Most medical tubing is made of clear and sometimes colored-plastic lines used on IV sets and other hospital fluid-management chores. But what if an application calls for something more rigid, nonmagnetic, or capable of handling higher temperatures? Composites and liquid crystal polymers can be manufactured with properties for tasks that conventional plastic tubes cannot handle. Composites, for instance, can replace traditional stainless, aluminum, and other thermoplastic materials including PEEK. They can also be tailored to almost any engineering job. And liquid-crystal polymers can be extruded into tubing suitable for high pressure and high temperature tasks.

Composites such as the Polymed line from Polygon Co., Walkerton, Ind., (polygoncompany.com) are said to work well in thin-walled applications, including single and multilumen cannulas. Composites also have dielectric insulating capabilities, radioluscense (does not block x-rays), high strength-to-weight ratios, and corrosion resistance. Plus, they can be sterilized.

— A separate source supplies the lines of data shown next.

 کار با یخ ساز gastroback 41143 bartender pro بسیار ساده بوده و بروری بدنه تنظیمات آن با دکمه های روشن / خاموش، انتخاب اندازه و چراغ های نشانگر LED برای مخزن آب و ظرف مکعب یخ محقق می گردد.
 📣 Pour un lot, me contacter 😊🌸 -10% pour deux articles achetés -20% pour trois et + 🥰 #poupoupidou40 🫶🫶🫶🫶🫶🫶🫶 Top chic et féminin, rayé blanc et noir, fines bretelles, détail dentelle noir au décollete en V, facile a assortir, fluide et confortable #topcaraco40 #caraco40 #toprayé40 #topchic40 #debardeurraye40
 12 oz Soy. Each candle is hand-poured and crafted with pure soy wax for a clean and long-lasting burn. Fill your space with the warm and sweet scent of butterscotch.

Performance characteristics of composites improve on those of thermoplastic materials and competitive metals. What's more, structural configurations perform like metal but with properties of a composite. The tubing has been used in laparoscopic surgical procedures and external orthopedic components.

Composites made with continuous fibers show higher strength than that of filled, short fiber, or long-fiber thermoplastics formed by injection molding or extrusion. The company adds that most Polymed tubes are used where metals must be shielded or coated to prevent capacitance coupling.

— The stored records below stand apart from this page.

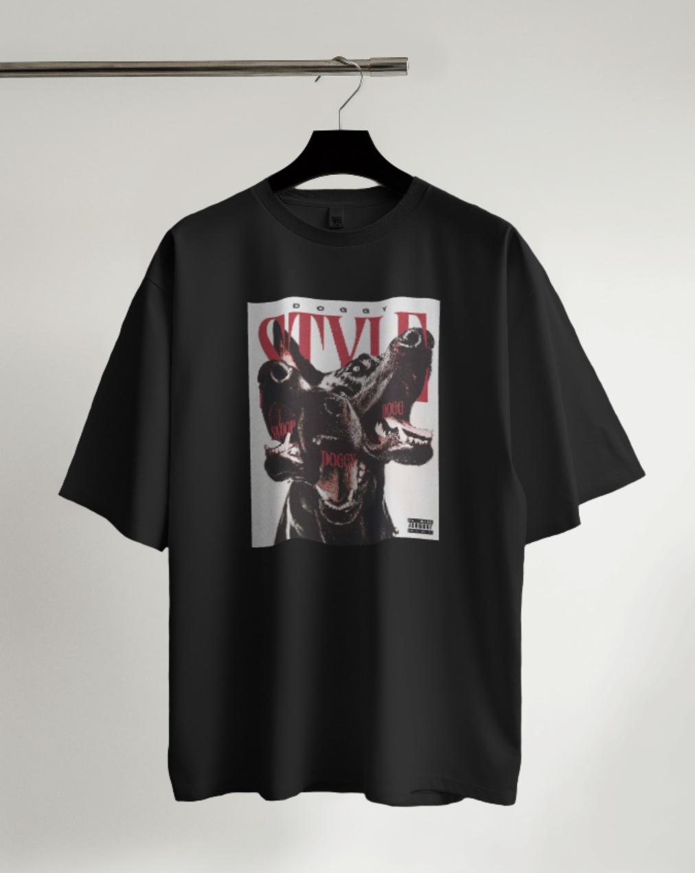 Чоловіча Чорна Футболка Бавовна Оверсайз з Доберманом
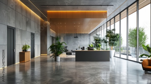 © hanafi 99d, Obraz premium A large open office space with a lot of natural light and plants
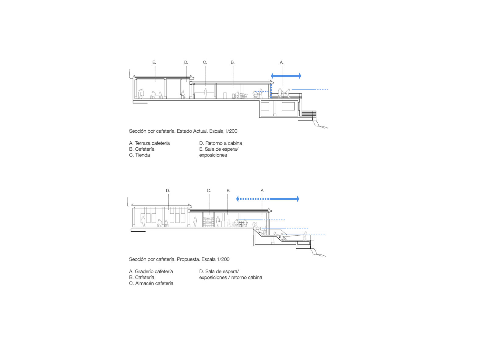 intervención que engloba ambas áreas en una única actuación. El conjunto resultante se podría leer como un itinerario paisajístico, que conduce al visitante desde la llegada en cabina hasta su retorno, a través de una serie de miradores, rampas y graderíos que enmarcan el paisaje e invitan a su contemplación de una manera dinámica, más pausada, o incluso estática; en el exterior, a cubierto o desde el interior.

The tubes come as braided, circumferentially wound, or unidirectional. Diameters range from 3 to 20 mm with walls as thin as 0.23 mm.

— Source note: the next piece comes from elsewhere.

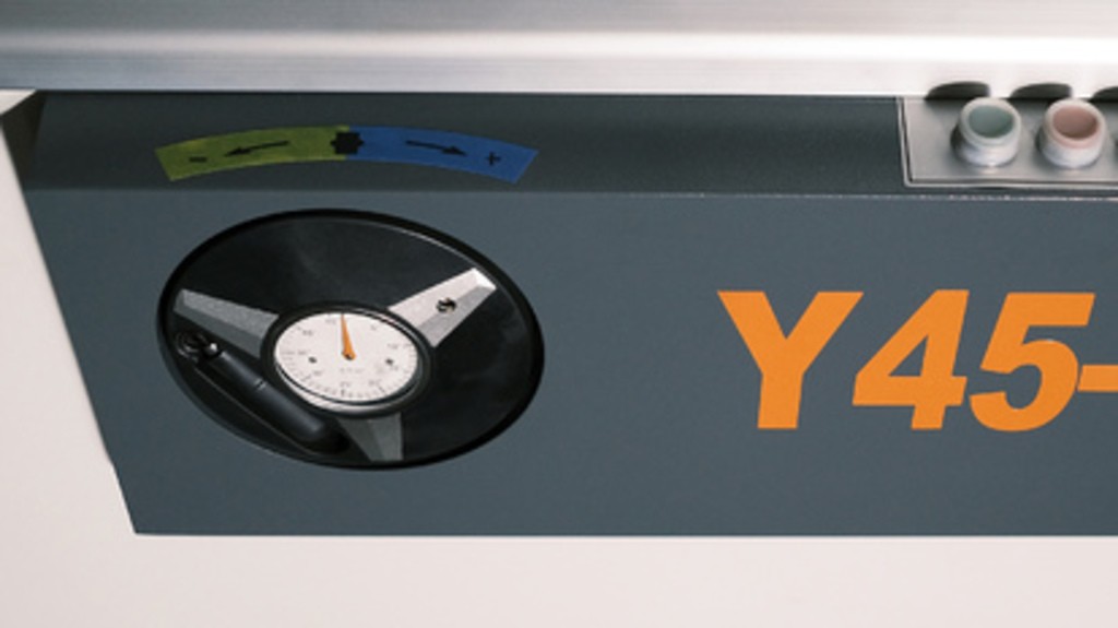 Для точной настройки подрезного устройства используются удобные рукоятки регулировки, расположенные со стороны оператора. Поворотная линейка позволяет устанавливать материал под углом от 90° до 45°, а усиленный форматный стол обеспечивает надежную поддержку даже при обработке крупногабаритных деталей.

Liquid crystal polymers are usually extruded into medical tubing for unusual properties such as a tolerance for temperatures up to about 400F. According to manufacturer Precision Extrusion, Glen Falls, N.Y. (precisionextrusion.com), its patented rotating extrusion die generates a biaxial orientation of polymers that overcomes the structural limitations of conventionally extruded LCP tubing.

The material is unusual because its attributes fall between those of a conventional liquid and a solid crystal. A liquid crystal, for instance, may flow like a liquid, but the arrangement of its molecules is similar to that of a crystal. There are many different types of liquid crystals which can be distinguished by their optical properties. The grade of LCP and the wall thickness determine the strength of the tubing. Kevlar is one well known example of the material.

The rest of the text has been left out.